Nagel’s Bat Argument (against Physicalism)

  1. Physicalism is the thesis that everything that exists is physical.
  2. Physical facts then, are objective truth (“the kind that can be observed and understood from many points of view and by individuals with different perceptual systems”)
  3. Even if we knew everything about how the bat’s sonar system works, we would not know what is is like for the bat to perceive using this system.
    1. ‘What it’s like’: in this case, something is conscious (a bat) if and only if there is something it’s like to be that being (only a bat knows what it is like for a bat to be a bat)
    2. One, for example, cannot imagine a chair to know what it is like for a chair to be a chair.
    3. For a state to be conscious is for it to have a subjective character (to seem or feel a certain way to the subject).
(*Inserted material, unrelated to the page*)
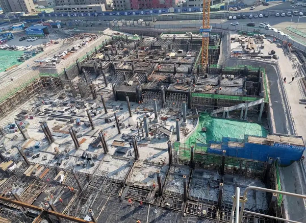 走进工地,一个巨大的基坑映入眼帘,随处都是忙碌施工的工人和大型器械。伴着微微轰鸣声,3台塔吊正在接续不断地向基坑内吊运建筑材料,工人们正在进行地下一层、地下二层的钢筋绑扎作业,工程进展紧张有序、忙而不乱。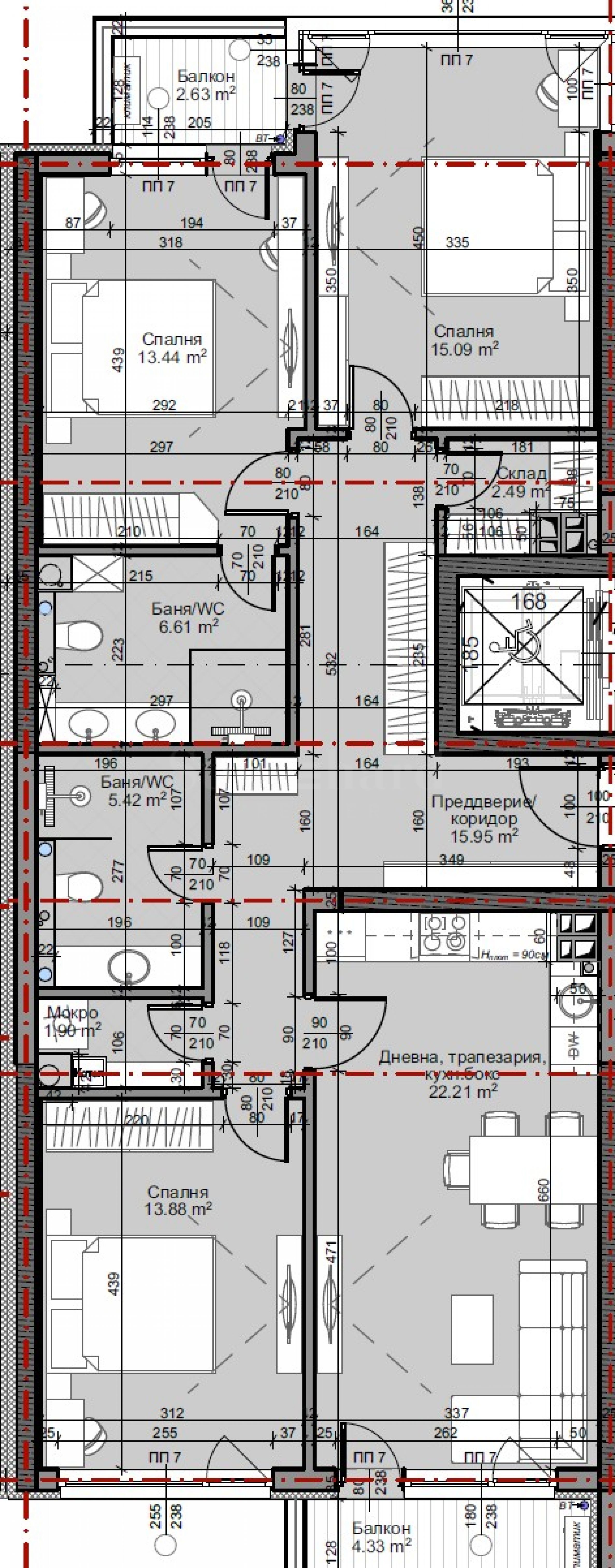 Four-bedroom apartment in a new residential building next to Business Park Sofia and Business Park metro station

A conscious experience is a state that is both subjective and qualitative.
  4. Therefore, complete knowledge of the physical facts about a bat’s perceptual system would not yield knowledge of certain facts about a bat’s experiences

Physicalism leaves out the subjective facts, so it’s a mystery how it could be true (given that qualia and the subjective experience exists).

Related: Frank Jackson’s Knowledge Argument

Fishes

A famous Taoist story about happiness and knowing what it is like to be a fish

  • Zhuangzi and Huizi were strolling on a bridge over the River Hao, when the former observed, “See how the minnows dart between the rocks! Such is the happiness of fishes.”
  • “You not being a fish,” said Huizi, “how can you possibly know what makes fish happy?”
  • “And you not being I,” said Zhuangzi, “how can you know that I don’t know what makes fish happy?”
  • “If I, not being you, cannot know what you know,” replied Huizi, “does it not follow from that very fact that you, not being a fish, cannot know what makes fish happy?”
  • “Let us go back,” said Zhuangzi, “to your original question. You asked me how I knew what makes fish happy. The very fact you asked shows that you knew I knew—as I did know, from my own feelings on this bridge.”

Why did Zhuangzi, who wrote it down, show himself to be defeated by his logician friend?